Servir largement couvert de cive et de coriandre hâchées .
Du
piment peut aussi faire l'affaire lors de la préparation ou simplement
proposé sur table, moi, j'adore mais pas les enfants, ni Manu.
Accompagner
de riz simplement cuit à l'eau ou mieux à la vapeur (pas de pilaff, pas
de beurre... dans la cuisine asiatique c'est impensable, un blasphème
!!!), mais le mieux, c'est encore du riz gluant cuit à la vapeur !!!...
Cari de papayes vertes

Un essai réussi...
Ingrédients :
1 papaye
verte en passe de mûrir, l'intérieur prend
légèrement une couleur rose ou jaune et une goût
très légèrement sucré, c'est un peu le
hasard à l'ouverture. Si elle est encore bien verte, ce sera bon
malgré tout... 1 oignons blond, 1 petite courgette (facultatif,
c'est pour la couleur verte de la peau).
Comment faire ?
Blanchir
dans de l'eau bouillante salée, quelques minutes, la papaye
épluchée, épépinée et coupée
en petits cubes de 5 mm. La cuisson doit être al dente, pas trop
croquante mais pas trop cuite non plus. Le bouillon qui reste peut
être bu, il paraît que c'est bon pour la santé,
anti-oxydant et recommandé pour rhumatismes et
lombalgies...
Pendant
ce temps, éplucher l'oignon, l'émincer en petits
dés et le faire blondir dans de l'huile, de tournesol ou d'olive
selon votre envie. Rajouter éventuellement la petite courgette
non épluchée et coupée en dés de 5mm.
Remuer doucement, ajouter une cuillère à café de
curcuma, du sel, un petit morceau de piment (ou plus selon le
goût...). Ajouter les dès de papayes
égouttés quand les courgettes sont presque cuites,
légèrement croquantes. Remuer, couvrir, laisser cuire 5
minutes à feu doux.
C'est prêt et c'est un bon accompagnement pour un poisson à la plancha, du magret de canard...
Purée d'igname au safran
Une idée pour accompagner viandes ou poissons grillés, rôtis, à la plancha...
Ingrédients :
1
belle igname, 3 belles pommes de terre, 10 cl de lait, 10 cl de
crème liquide, une grosse noix de beurre (40 grammes
environ)...
Comment faire ?
Faire
cuire les morceaux de pommes de terre et d'igname,
épluchés et lavés, départ eau froide
salée. Egoutter quand c'est cuit (le couteau ressort tout aussi
facilement qu'il est rentré dans les morceaux de
légumes). Faire bouillir le lait, la crème et le beurre.

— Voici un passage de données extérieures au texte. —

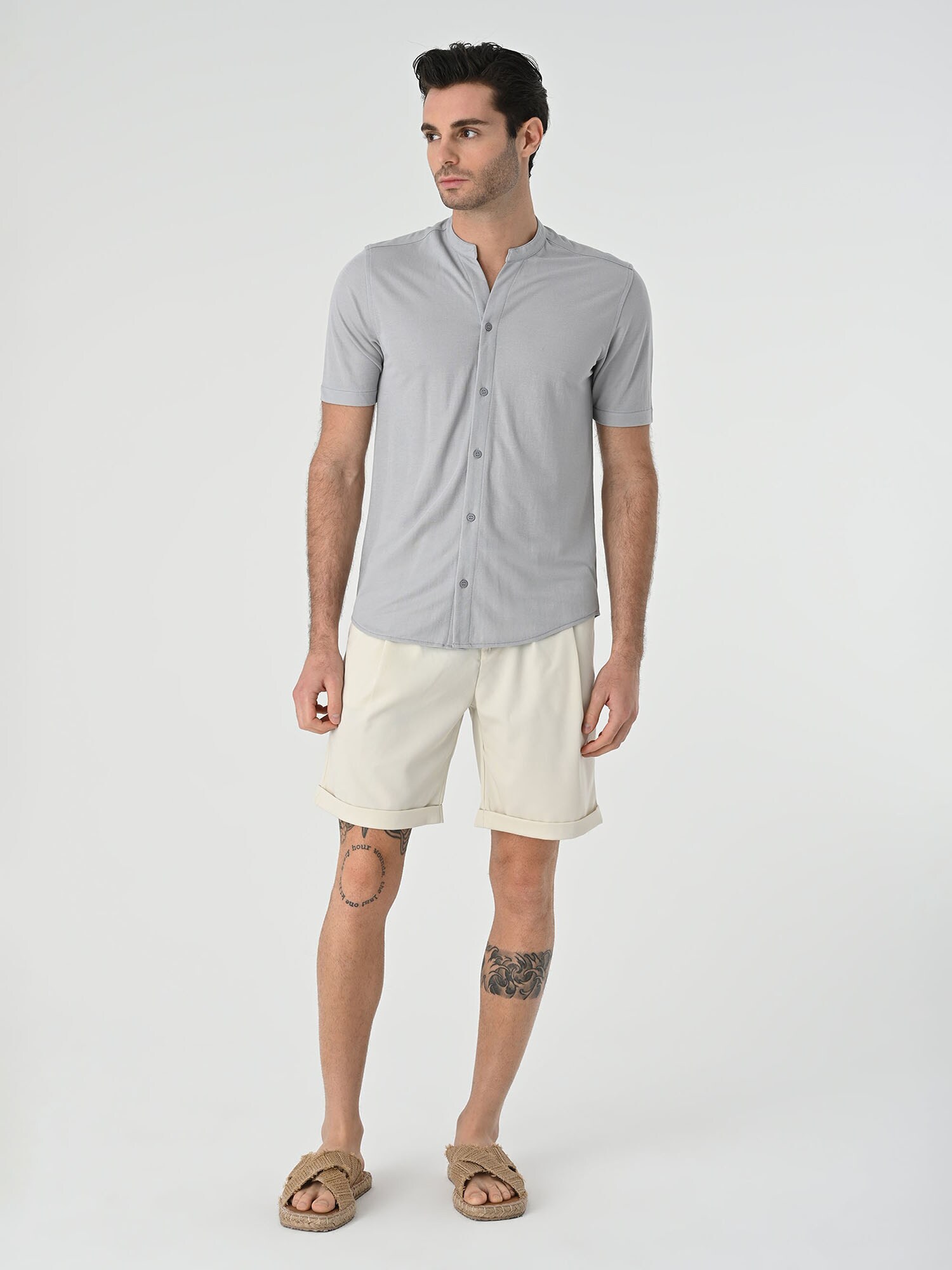 Design: Guler tunică; Tip de închidere: Închidere cu nasturi; Material: Bumbac; Imprimeu: Monocrom; Guler de cămașă: Guler tunică; Detalii: Material delicat, Material structurat; Tipul croiului: Slim fit; Lungime mâneci: Mâneci medii

Ecraser les morceaux de légumes au presse purée ou au
robot girafe en ajoutant le mélange lait/crème/beurre
jusqu'à consistance d'une purée, pas trop ferme ni trop
liquide (on est pas obligé de tout verser, on s'arête
quand la consistance nous convient...).
Ajouter
le contenu d'une dosette de safran en poudre ou mieux quelques pistils
de safran, rectifier l'assaisonnement en sel.

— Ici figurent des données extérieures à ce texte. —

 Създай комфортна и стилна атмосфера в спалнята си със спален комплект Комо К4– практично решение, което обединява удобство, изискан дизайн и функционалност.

Sorbets aux fruits du fenua
Banane,
corossol, coco, mandarine, citron, ..., sur la base suivante on peut
faire varier les goûts et les couleurs selon les mélanges...
Ingrédients :
500
ml de jus de fruits , 220 gr de sucre, 250 ml d'eau, (facultatif :
1 cuillère à café de gomme de caroube en poudre...

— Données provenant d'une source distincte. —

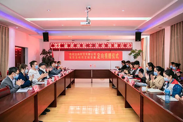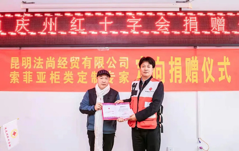迪庆州红十字会常务副会长李涛讲:索菲亚柜类定制专家联合索菲亚昆明代理商昆明法尚经贸有限公司通过州红十字会向香格里拉第一中学定向捐赠价值490000.00元的桌椅2000套和价值117800元的索菲亚定制书柜15套,这是一项得民心、顺民意的公益行为,是“我为群众办实事”的具体实践活动,这为进一步动员社会各界参与助力教育事业起到良好的示范作用。

pour obtenir un mélange plus onctueux et stable)
Comment faire ?
Préparer un sirop en portant à ébullition deux minutes l'eau et le sucre.
Dans
une mixeur, préparer les jus. On peut même mélanger
les fruits... Pour le sorbet coco, on peut remplacer le lait de coco
fait maison par celui en boîte... Le mélange
corossol/mandarine du pays donne un bon résultat... Pour la
banane, il faut liquéfier le mélanger en incorporant 150
ml de jus d'orange ou de citron.
Ajouter le sirop refroidi et éventuellement la poudre de gomme de caroube et mixer.
Faire
prendre le mélange dans une sorbetière. Si on en a pas,
on peut faire congeler progressivement et mixer de temps à autre
avec un robot girafe mais c'est plus fastidieux...
Un
sorbet maison ne contient ni stabilisant, ni conservateur. On ne le
prépare donc pas à l'avance au pire la veille pour
conserver une structure onctueuse et homogène.